### SOURCE MATERIAL
------------------------------

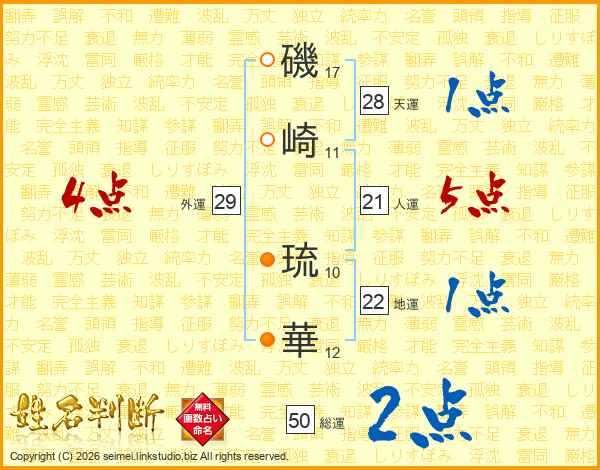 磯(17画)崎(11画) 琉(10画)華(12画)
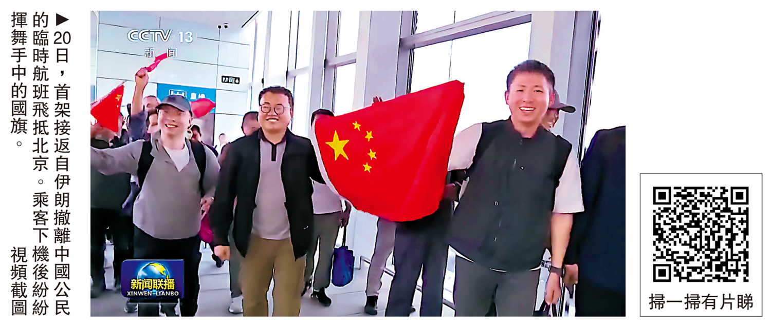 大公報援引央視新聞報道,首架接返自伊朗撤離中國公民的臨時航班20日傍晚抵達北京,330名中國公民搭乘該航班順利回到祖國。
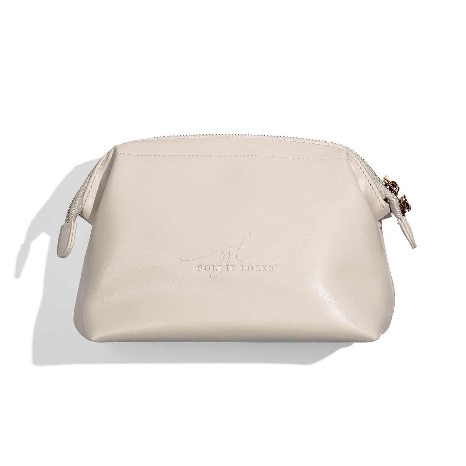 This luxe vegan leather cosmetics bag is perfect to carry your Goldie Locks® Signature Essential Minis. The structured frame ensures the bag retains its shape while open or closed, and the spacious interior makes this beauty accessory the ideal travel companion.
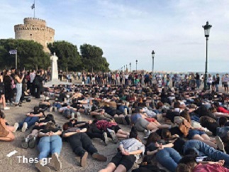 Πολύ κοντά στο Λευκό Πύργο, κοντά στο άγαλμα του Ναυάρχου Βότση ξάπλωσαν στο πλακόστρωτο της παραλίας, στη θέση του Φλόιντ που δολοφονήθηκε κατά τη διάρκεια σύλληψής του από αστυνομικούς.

------------------------------

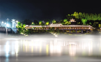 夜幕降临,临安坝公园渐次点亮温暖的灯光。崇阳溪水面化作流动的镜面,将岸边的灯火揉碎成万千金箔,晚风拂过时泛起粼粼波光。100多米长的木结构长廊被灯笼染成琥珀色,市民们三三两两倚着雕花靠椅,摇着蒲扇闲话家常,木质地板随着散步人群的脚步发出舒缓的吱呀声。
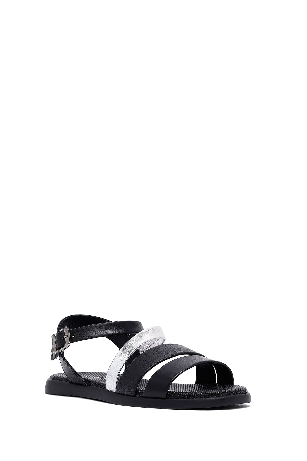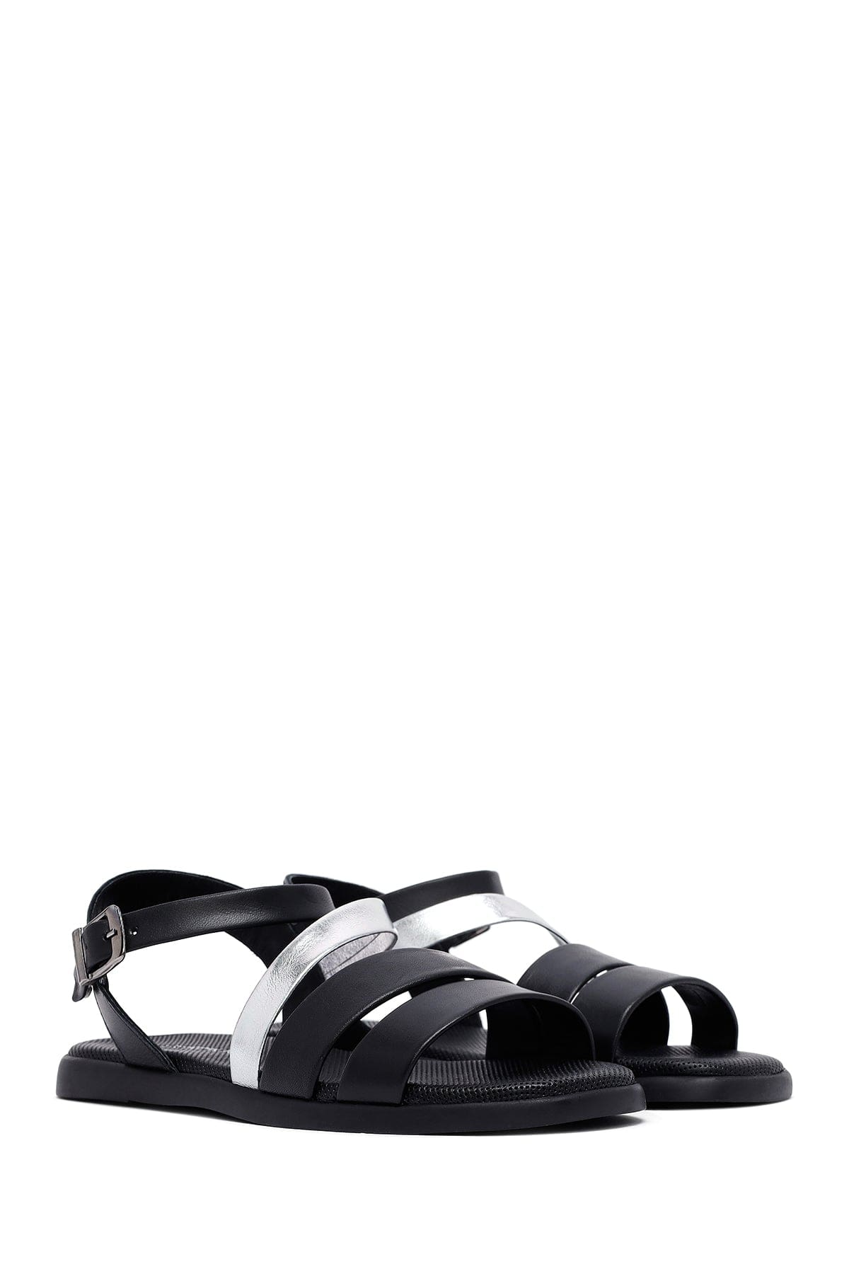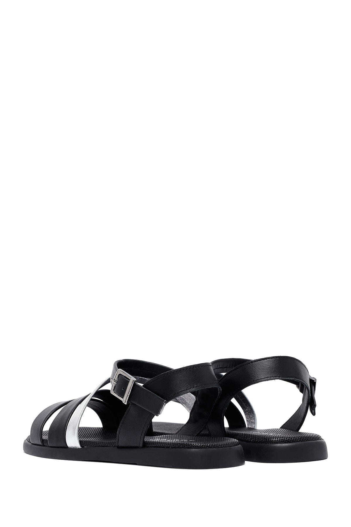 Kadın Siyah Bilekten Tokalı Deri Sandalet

------------------------------

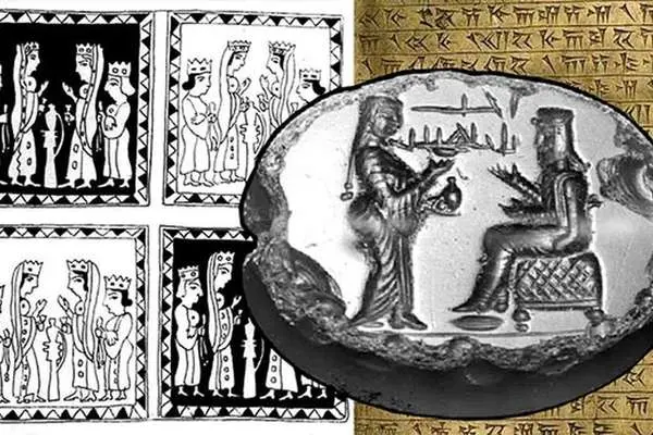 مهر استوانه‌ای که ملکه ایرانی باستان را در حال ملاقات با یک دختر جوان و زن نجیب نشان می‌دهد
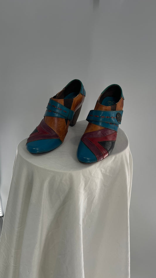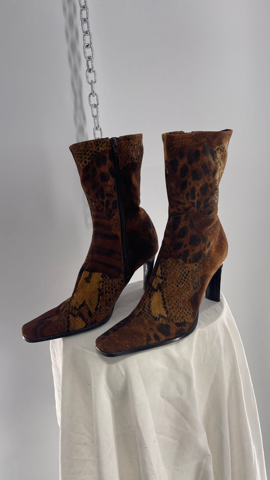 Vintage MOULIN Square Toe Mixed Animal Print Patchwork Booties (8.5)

------------------------------

### HOW TO COMPLETE THIS TASK
What you return must match, character for character, the lines above from the one with "مهر استوانه‌ای که" through the one with "Vintage MOULIN Square", minus any pictures.

### SOLUTION
 مهر استوانه‌ای که ملکه ایرانی باستان را در حال ملاقات با یک دختر جوان و زن نجیب نشان می‌دهد
 Vintage MOULIN Square Toe Mixed Animal Print Patchwork Booties (8.5)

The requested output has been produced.